Подробнейшим образом разработали церемониал встречи. Стучит Вероника Потаповна, а остальные стоят в сторонке, невидимые. Зинаида Борисовна спрашивает из‑за двери глухим, с одышкой голосом: «Кто?» — и Вероника Потаповна отвечает голосом звонким: «Свои». За дверью топчутся, как пять слонов, и шумно дышат. «Кто свои?» — «Свои, свои! — успокаивает, смеясь и поддразнивая, Вероника. — Из города Светополя. Слыхали такой?» И тогда дверь приоткрывается, но лишь на самую малость, на длину цепочки, и в щели появляется насторожённый глаз. «Вероника!» — с некоторым даже испугом ахает Зинаида Борисовна и от волнения долго не может совладать с цепочкой.
Я описываю это с такими подробностями, потому что когда‑то сам явился сюда с визитом вежливости. Вежливости, не больше. И был поражён, с какой радостью встретила меня чужая, в общем‑то, женщина, которой я некогда таскал из подвала по обледенелым ступенькам дрова и уголь.

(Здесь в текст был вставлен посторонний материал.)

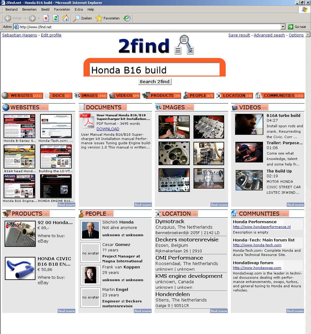Als ik ga zoeken naar Japan krijg ik ongeveer dezelfde resultaten terug, echter zal ik bij video’s, products etc ook auto-gerelateerde resultaten terug krijgen. Waarom? Omdat 2find weet dat ik ook een grote interesse heb in Japanse automerken. Hieronder staan enkele beeldimpressies hoe het platform eruit zou kunnen gaan zien.

— Нет–нет! — смеясь и хватая за руку сестру, перебивала Валентина Потаповна. — Пусть Димушка постучит. Постучит и скажет… И скажет… — От смеха она не могла вымолвить, что скажет, но Вероника Потаповна заранее хихикала, представляя. Дмитрий Филиппович ощерялся, гордый ролью, которую ему доверяли. Даже Александра Сергеевна, не разбирающая половину слов и с Зинаидой Борисовной едва знакомая (лишь однажды белила ей), смеялась и фыркала.
Не все на этих страницах даётся мне легко. Не обо всем говорить хочется. В таких случаях я строго напоминаю себе, что мои старики — это я сам. От них впитал я все хорошее и все дурное и, стало быть, ответствен за них в той же мере, в какой они ответственны за меня. Если не больше. С них, навсегда умолкнувших, не спросишь уже, а с меня можно, я вот он. И потому понятны те радостные паузы, которые я делаю, когда слышу, например, проказливый смех у кладовки, где спал, уперев ножищи в дверь, вдрызг пьяный Дмитрий Филиппович, по существу, отменивший для обеих женщин Новый год. А он так сиял им в череде долгих и трудных будней!